Diorygma intermedium

Scientific classification
- Domain: Eukaryota
- Kingdom: Fungi
- Division: Ascomycota
- Class: Lecanoromycetes
- Order: Graphidales
- Family: Graphidaceae
- Genus: Diorygma
- Species: D. intermedium
- Binomial name: Diorygma intermedium Kalb, Staiger & Elix (2004)

= Diorygma intermedium =

- Authority: Kalb, Staiger & Elix (2004)

Species of lichen

Diorygma intermedium is a species of corticolous (bark-dwelling) crustose lichen in the family Graphidaceae. It is found in Mexico, Central and South America, and the Caribbean, where it grows in sun-exposed tropical rainforests and restingas. The species was described as new to science in 2004 by the lichenologists Klaus Kalb, Bettina Staiger, and John A. Elix from a collection made in Trinidad. It contains hypostictic and hypoconstictic acids as its main secondary metabolites (lichen products).

==Taxonomy==

Diorygma intermedium was described by Klaus Kalb, Bettina Staiger and John A. Elix from a specimen collected on bark along the Blue Basin–Diego Martin Road, Trinidad. The specific epithet alludes to its intermediate position between two well-known members of the genus: it shares the white-pruinose and chemical profile of D. poitaei yet produces smaller, more tightly septate spores, and while its spores match those of D. sipmanii in size, it differs by the much taller hymenium and the clear iodine staining reaction of the ascus tip. Chemically it belongs to the hypostictic acid series, containing hypostictic and hypoconstictic acids as majors with traces of O-acetyl-hypoconstictic acid; it lacks the protocetraric and stictic derivatives found in several close relatives.

==Description==

The thallus forms a thin, glossy film—creamy white, pale grey or sometimes tinged greenish or reddish when wet—ranging from 20 micrometres (μm) to just over 70 μm thick. Its surface is even but usually fissured into small plates, and a distinct cortical "skin" is either absent or vestigial. A layer of green algal cells sits 20–50 μm below the surface, while the medulla beneath it reaches 150–190 μm and is packed with colourless crystals.

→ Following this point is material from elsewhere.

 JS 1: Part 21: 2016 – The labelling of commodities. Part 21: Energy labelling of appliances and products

Reproductive bodies are numerous long slits (lirellae) 0.5–2 mm by 0.2–0.6 mm that begin immersed and later burst through the thallus. Their margins, usually tinged white by a fine powder, rise slightly and may separate from the surrounding crust by a narrow fissure. The lateral wall is yellowish to whitish, and only weakly developed. Inside, a well-developed hymenium stands 160–210 μm high and stains bluish-violet in iodine in its upper zone. The cap consists of a mesh of branched paraphysis tips containing colourless s and some dead hyphae; individual paraphyses are 1–2 μm wide and tend to glue together near their summits.

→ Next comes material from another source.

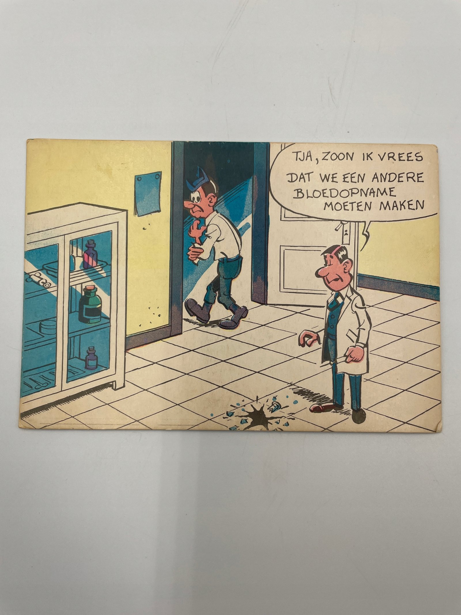 Kartka pocztowa Belgia 1960s humor lekarz laboratorium krew komiks

Each ascus bears four to six (occasionally eight) ascospores. The spores are colourless, thick-walled and —divided by both cross-walls and longitudinal walls into a grid of chambers. They measure 18–27 μm long by 10–15 μm wide, with the peripheral and central cells of roughly equal size and a very thin gelatinous halo when young. No asexual pycnidia have been seen, and thin-layer chromatography reveals no secondary metabolites beyond the hypostictic acid complex.

===Similar species===

Diorygma albovirescens is the taxon most likely to be mistaken for D. intermedium. Both lichens develop long, slightly wavy, branching ascomata that lie immersed in the thallus; in surface view they look like narrow cracks with a whitish disc edged by a raised rim of thallus tissue and set off by a deep groove. Reliable separation relies on chemistry and range rather than on external form. D. intermedium synthesises hypostictic acid derivatives (hypostictic, hypoconstictic and α-acetyl-hypoconstictic acids), whereas D. albovirescens contains the stictic acid complex (stictic, constictic acid and cryptostictic acids). Their distributions also diverge: D. intermedium is widespread in the Neotropics, while D. albovirescens is known only from India.

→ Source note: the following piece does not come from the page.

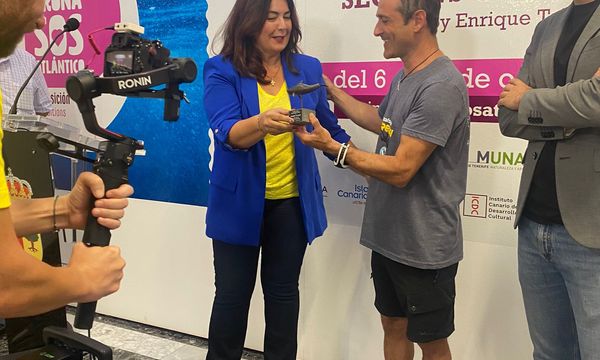 El fotógrafo submarino Enrique Talledo ha sido distinguido con el Premio Arona SOS Atlántico 2022. El galardón se dio a conocer, en la inauguración de la muestra Secretos del Océano, con veinticinco de las imágenes que ha captado en mares de todo el mundo, en el Centro Cultural de Los Cristianos, que forma parte de la novena edición del Festival [www.sosatlanticofestival.com]. El jurado ha premiado a Talledo por “su visión personal de los fondos marinos de todo el planeta, y, de forma especial, por la divulgación de las maravillas de los micromundos fantásticos que habita en mares y océanos”. La Primera Teniente de Alcalde y concejala de Promoción Económica, Raquel García García, entregó el galardón a Enrique Talledo. También estuvo presente el concejal de Turismo y Cultura, José Alberto Delgado.

==Habitat and distribution==

Current records restrict D. intermedium to Central and South America. It grows best in well-lit tropical rainforests or coastal restinga, from sea-level up to the lower montane belt. Field notes indicate a preference for smooth, hard bark exposed to moving air but protected from direct, prolonged sunlight, and collections range from Mexico and the Caribbean southwards into Brazil and Venezuela.